Thornhill knew exactly how to fill the void: A Dachshund Derby. Very few cities put on something like that, he thought. And who knows? Maybe a few folks would show.
Try several thousand.
Run the first Saturday of May, the same day as horses run the Kentucky Derby, dog owners brought their pets to race — dachshunds and non-dachshunds, alike — and many others just came to watch the excitement. The inaugural event raised roughly $21,000 for the Oktibbeha County Humane Society.
“It shows when Mississippi State and Starkville work together, they can do amazing things,” Thornhill said. “Who would have thought 20,000 people would come out and watch a bunch of weenie dogs run?”

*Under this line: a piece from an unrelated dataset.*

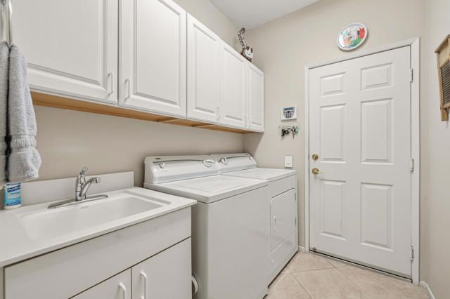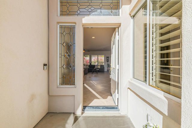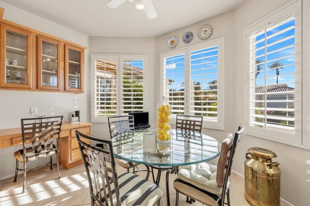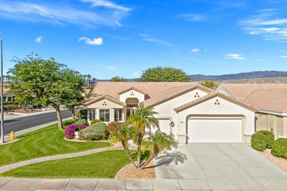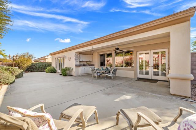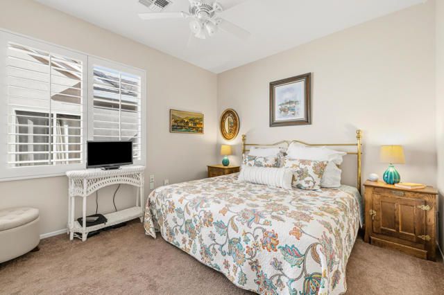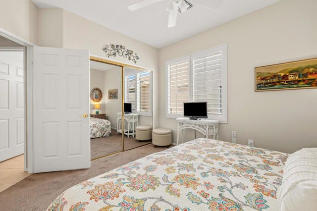 55+ Sun City Palm Desert offers the ''BEST BANG FOR YOUR BUCK'' active lifestyle retirement community in the whole desert! This highly sought after open-concept St. Croix model has 2 bedrooms, 2 baths, plus versatile DEN/OFFICE and a golf cart garage. This home is situated on a spacious corner lot and is located right smack in the middle of community within walking distance of the Sunset View clubhouse. Beautiful curb appeal, gated courtyard, real grass, easy maintenance desert/tropical landscaping. Inside, built-in custom cabinetry throughout in the kitchen, living room, master bedroom, and office, 16 inch tile on the diagonal throughout, ceiling fans, and plantation shutters. Kitchen has chefs island, breakfast bar and breakfast nook with a view, slab granite, stainless fridge, pull-out drawers, and built-in desk. The living and dining rooms are open to the kitchen with French doors to the patio. The living room has custom built-in media center. The spacious master bedroom suite has built-in entertainment center, sliding door to the patio, the bath has tiled counters and shower and custom closet organizing system. The guest bedroom has bath adjacent in the hall. The den/office has built-in desk with an additional flex space/hobby room with pocket door in-between. Laundry room is inside, upper cabinets and sink, and washer/dryer are included. The covered patio has a high wall for extra privacy, above-ground hot tub, and a fountain that creates a serene atmosphere for relaxing and/or entertaining with family and friends. Sun City is all about the LIFESTYLE...low HOA dues, (4) salt water 87 degree pools, (2) 18-hole golf courses, tennis, pickleball, softball, bocce ball, 18-hole putting course, art and social clubs, entertainment, post office, restaurants and even a new outside area with fire tables at Boulevards with awesome views! ''Buy Where you Love to Play...Sun City Palm Desert!''

For one, Paige Watson, Starkville Main Street director with the Greater Starkville Development Partnership and friend of Thornhill’s.
“I’ll admit I was thrown by the idea at first, but I wasn’t surprised,” she said. “If Alden is involved, it’s probably going to be a success.”
A Greenwood native, Thornhill grew up watching MSU athletics, frequently attending football, basketball and baseball games in person with his family. When it was time to pick a college for himself, only one would do, and he earned a degree from MSU in public relations in 2015.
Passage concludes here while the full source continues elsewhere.